Macau casino operators are likely to allocate their pledged capital expenditure “sooner” in the new, 10-year concession period, said analysts at S&P Global Ratings Inc, during a webinar on Thursday focused on Macau’s gaming sector recovery. Operating expenditure would then “come later in the concession period,” they added.
The city’s six gaming concessionaires have pledged to the city’s government they will invest MOP118.8 billion (US$14.8 billion) between them over the course of the next 10 years. About 91.5 percent of that amount, i.e., MOP108.7 billion, will be allocated to “exploring overseas customer markets and developing non-gaming projects”.
The ratings agency said the investment commitments were “high but manageable”, as long as Macau’s gross gaming revenue (GGR) “begins recovering this year”.
S&P expects Macau’s mass-market GGR this year to be in the range of 60 percent to 70 percent of 2019 levels, i.e., before the onset of the Covid-19 pandemic. Its latest estimate followed China’s “rapid shift away from its zero-Covid-19 policy stance” in December 2022.

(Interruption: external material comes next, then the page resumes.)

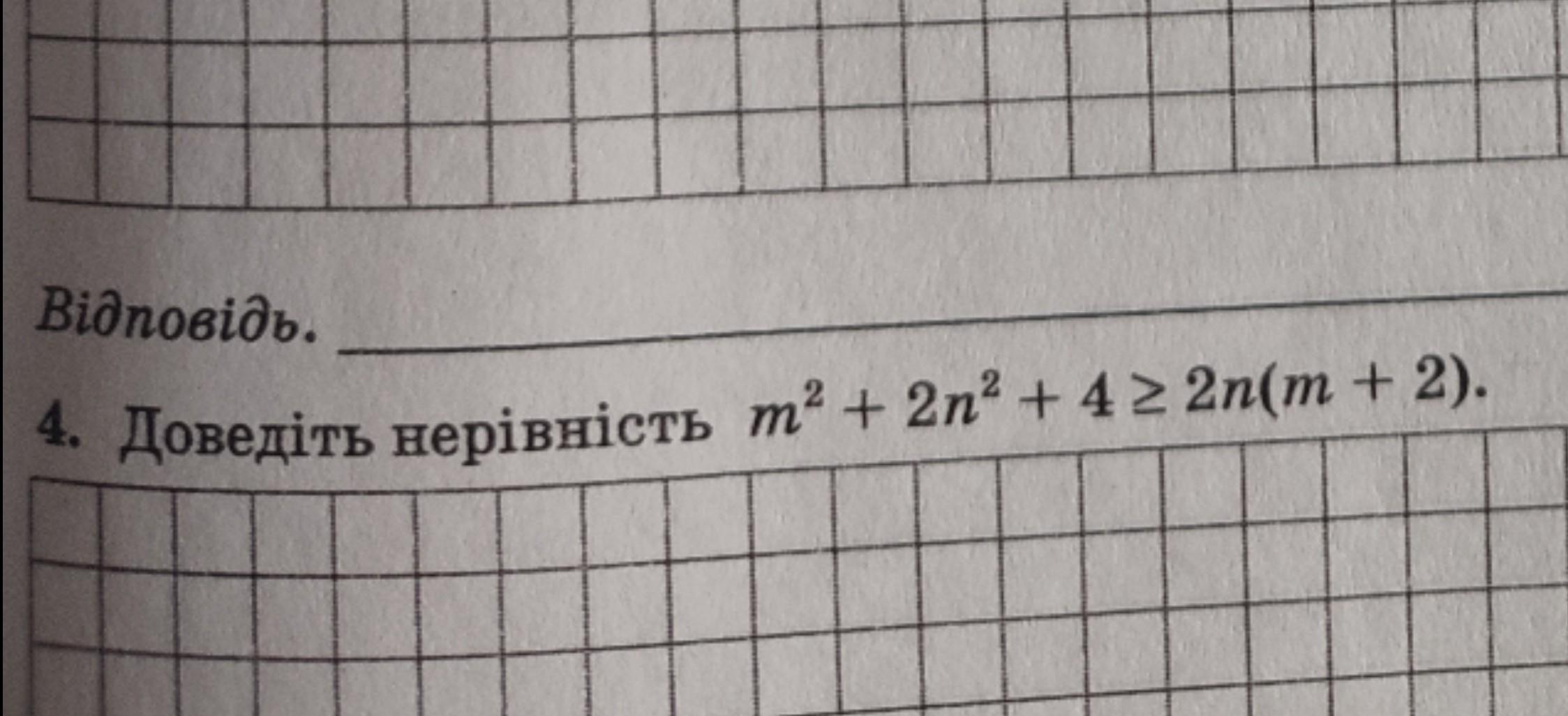 + ( n² - 4n + 4 ) = ( m - n )² + ( n - 2 )² ≥ 0 як сума двох квадратів .

“I think ideally operators will probably want to try to front-load the capex investment. For example, if you are going to add meeting space or build an entertainment centre, you want to get that open as quickly as possible, and spend the capex sooner in the 10-year concession period,” said S&P analyst Melissa Long.
She added: “The opex to programme that space, bring in entertainment or sporting events, or meetings and groups, will come later in the concession period.”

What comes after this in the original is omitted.